[Required work]
Transcribe the data underneath exactly. No images belong in your version.

[Information shown Boundary: Start]

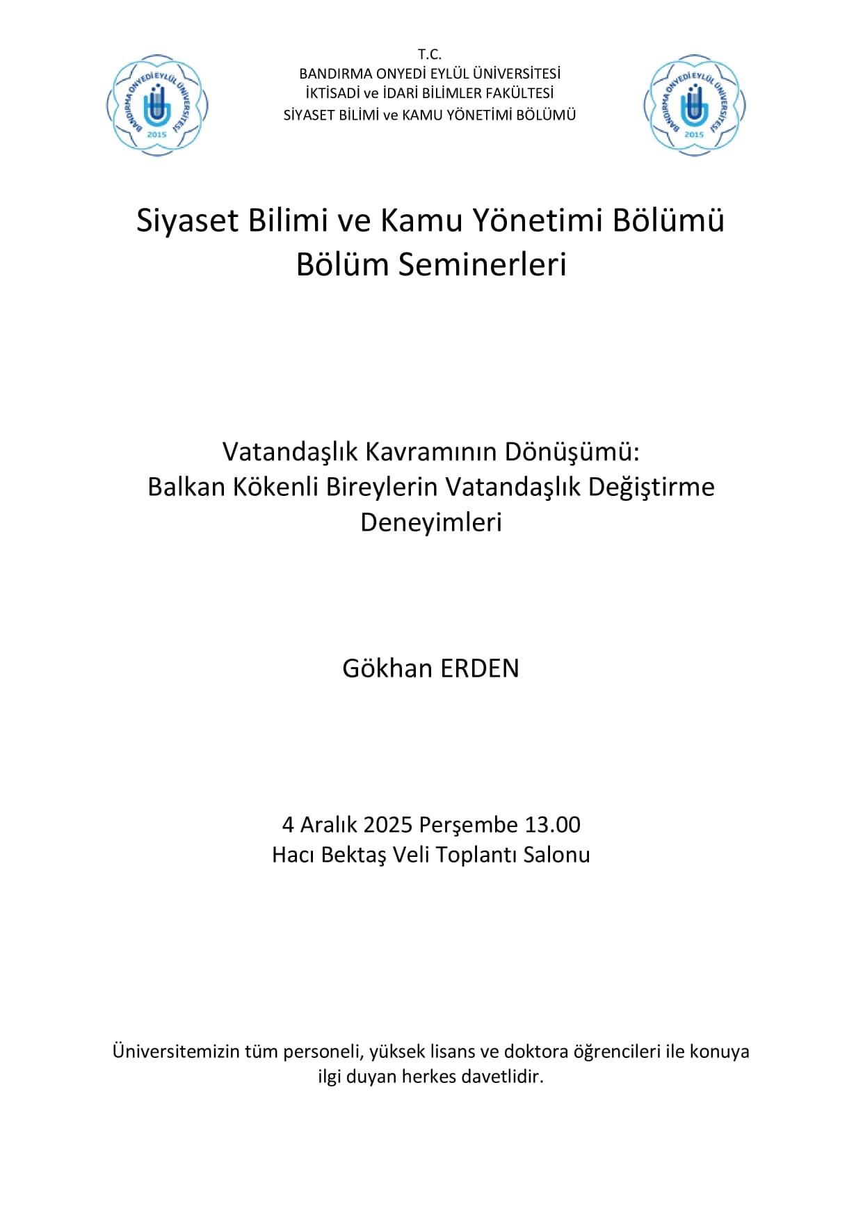 Bölüm seminer serimiz 4 Aralık Perşembe günü saat 13:00'da, doktora öğrencimiz Gökhan ERDEN'in " Vatandaşlık Kavramının Dönüşümü:Balkan Kökenli Bireylerin Vatandaşlık Değiştirme Deneyimleri" başlıklı sunuşuyla devam edecektir. Üniversitemiz tüm personeli, yüksek lisans ve doktora öğrencileri ile konuya ilgi duyan herkes davetlidir.
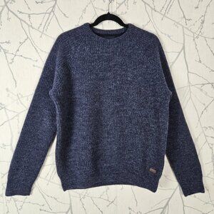 Barbour Heathered Blue 100% Wool Ribbed Knit Horseford Crewneck Sweater
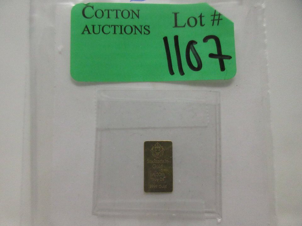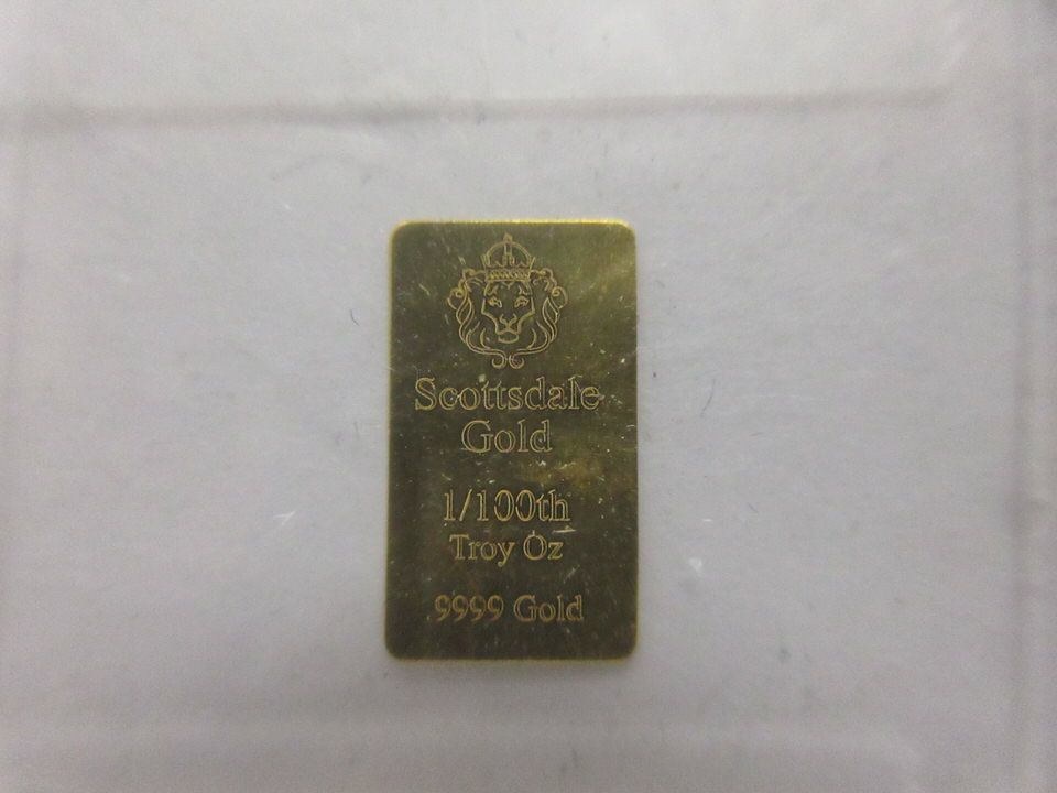 1/100 Oz .9999 Fine Gold Scottsdale Lion Bar

[Information shown Boundary: End]

[Result below]
 Bölüm seminer serimiz 4 Aralık Perşembe günü saat 13:00'da, doktora öğrencimiz Gökhan ERDEN'in " Vatandaşlık Kavramının Dönüşümü:Balkan Kökenli Bireylerin Vatandaşlık Değiştirme Deneyimleri" başlıklı sunuşuyla devam edecektir. Üniversitemiz tüm personeli, yüksek lisans ve doktora öğrencileri ile konuya ilgi duyan herkes davetlidir.
 Barbour Heathered Blue 100% Wool Ribbed Knit Horseford Crewneck Sweater
 1/100 Oz .9999 Fine Gold Scottsdale Lion Bar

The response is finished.